Greta lives with her friend Sabine in an ancient Dutch farmhouse in Hudson, New York. The house, built in 1737, is unrenovated, uninsulated, and full of bees. Greta spends her days transcribing therapy sessions for a sex coach who calls himself Om. She becomes infatuated with his newest client, a repressed married woman she affectionately refers to as Big Swiss, since she’s tall, stoic, and originally from Switzerland. Greta is fascinated by Big Swiss’s refreshing attitude toward trauma. They both have dark histories, but Big Swiss chooses to remain unattached to her suffering while Greta continues to be tortured by her past.
One day, Greta recognizes Big Swiss’s voice at the dog park.

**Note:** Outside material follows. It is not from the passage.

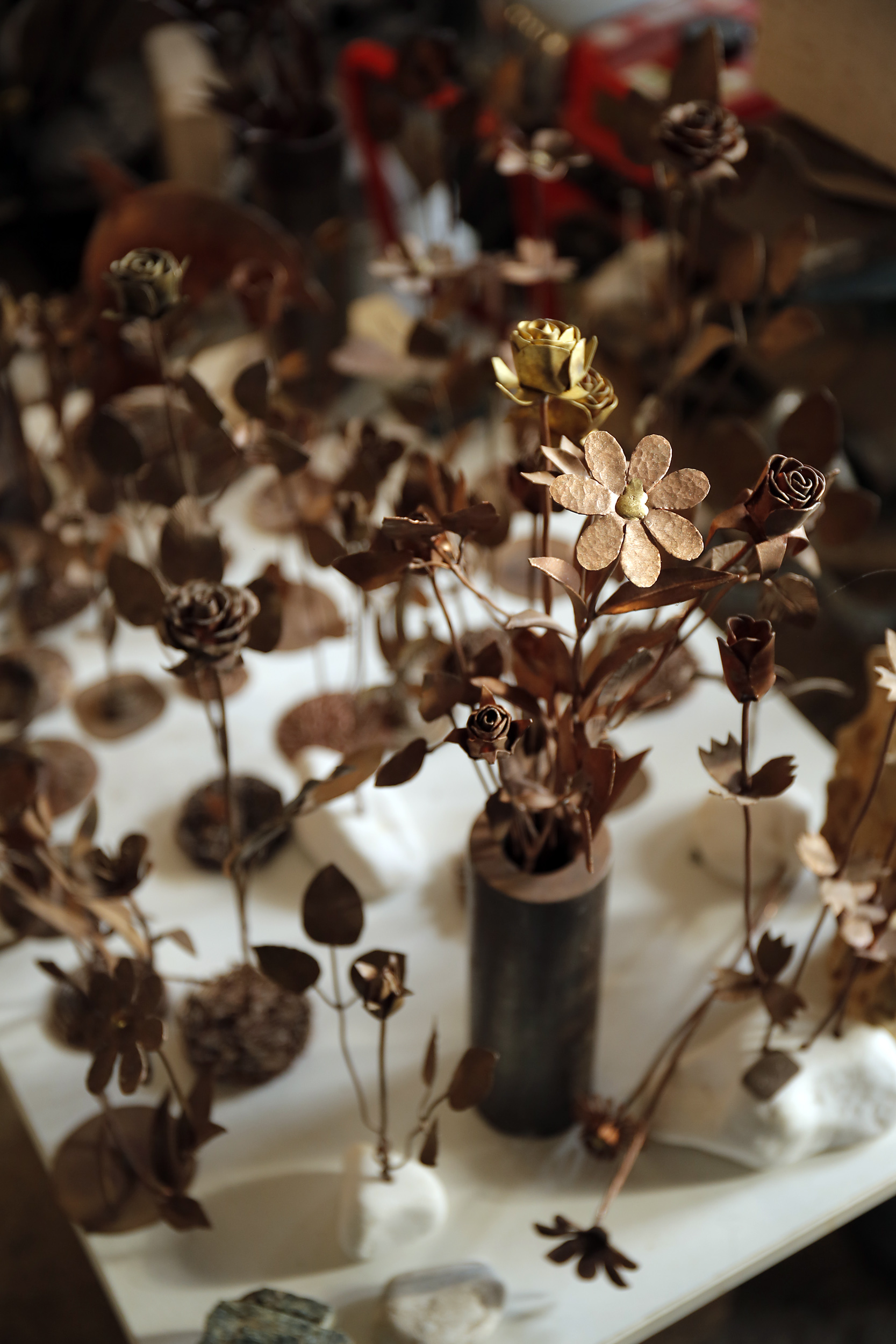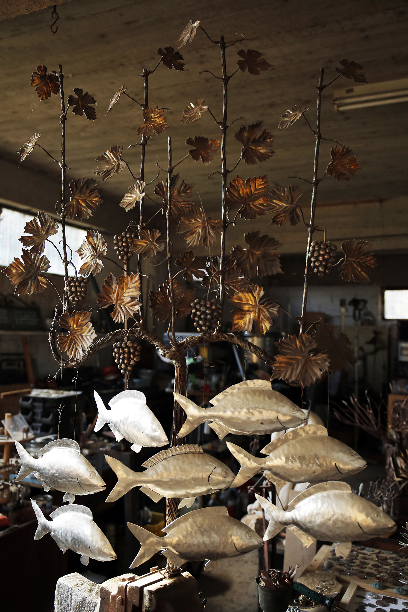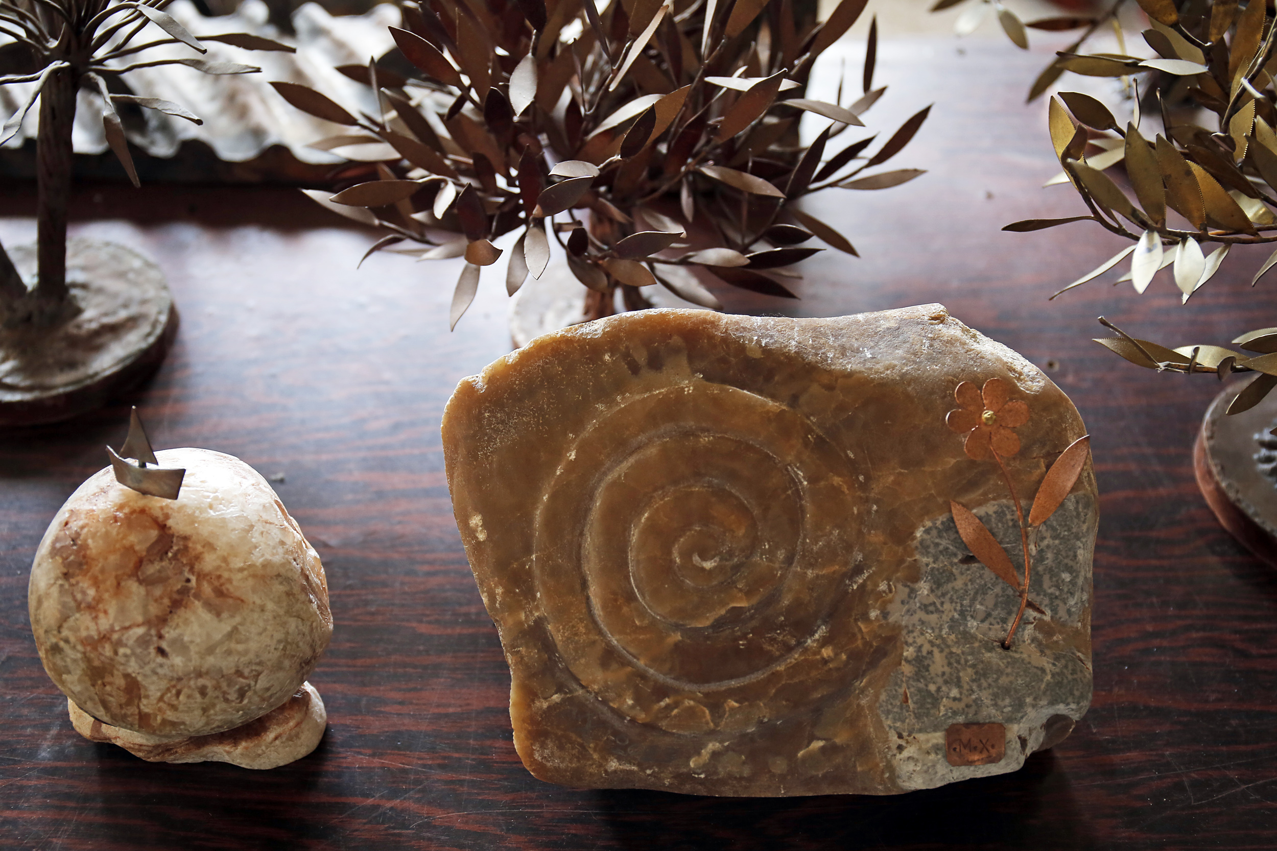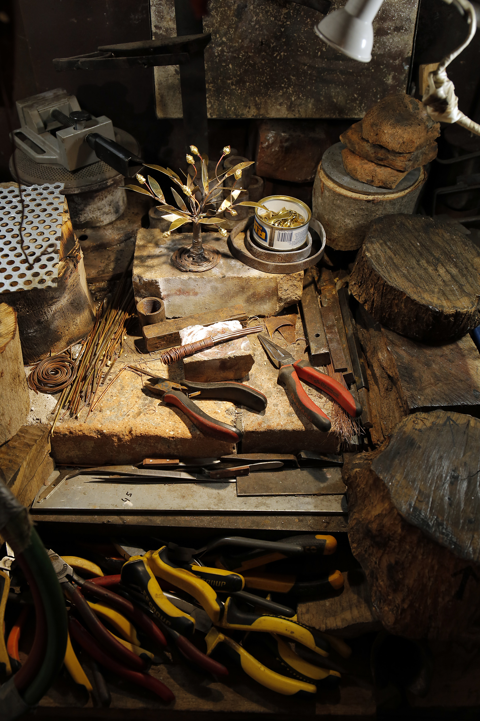 Για πέντε χρόνια κατασκεύαζε και έμαθε να κατασκευάζει όλα τα μεταλλικά αντικείμενα, ακριβή αντίγραφα της εποχής, για την αναστήλωση του νησιού. «Έμαθα να κατασκευάζω ακόμη και κλειδαριές» μου εξηγεί δείχνοντάς μου μερικές που στέκονται σε μια γωνιά του εργαστηρίου προκαλώντας μου άμεσα σπαζοκεφαλιά, προσπαθώντας να κατανοήσω πως λειτουργεί μια κλειδαριά. «Το μέταλλο πρέπει να το ξεφοβηθείς για να το δουλέψεις» μου λέει, εξηγώντας παράλληλα το θαυμασμό που έχει ο ίδιος για την ομορφιά και τα μυστικά του υλικού αυτού και της επεξεργασίας του.

In a panic, she introduces herself with a fake name and they quickly become enmeshed. Although Big Swiss is unaware of Greta’s true identity, Greta has never been more herself with anyone. Her attraction to Big Swiss overrides her guilt, and she’ll do anything to sustain the relationship…
Big Swiss is the unlikeable story of an unlikeable woman who commits identity fraud to sleep with another unlikeable woman, and then other bad things happen.
It’s good, but in a repulsive way. I found myself muttering « urgh » to myself every few pages, and yet going to the next page to know what was going on.
Greta considered her own behavior around red flags. Her habit was not to ignore them so much as to ingest them, a somewhat laborious mental production that involved placing them in a stockpot with butter, herbs, and mirepoix; cooking over low heat without browning; adding red meat, additional red flags, a jug of red wine; and voilà, four hours at a lazy simmer later, an extremely rich red-flag stew that she forked into her mouth every day like a fucking moron, sometimes for years on end.
Disgusting and fascinating, this book had the effect of a zit popping video.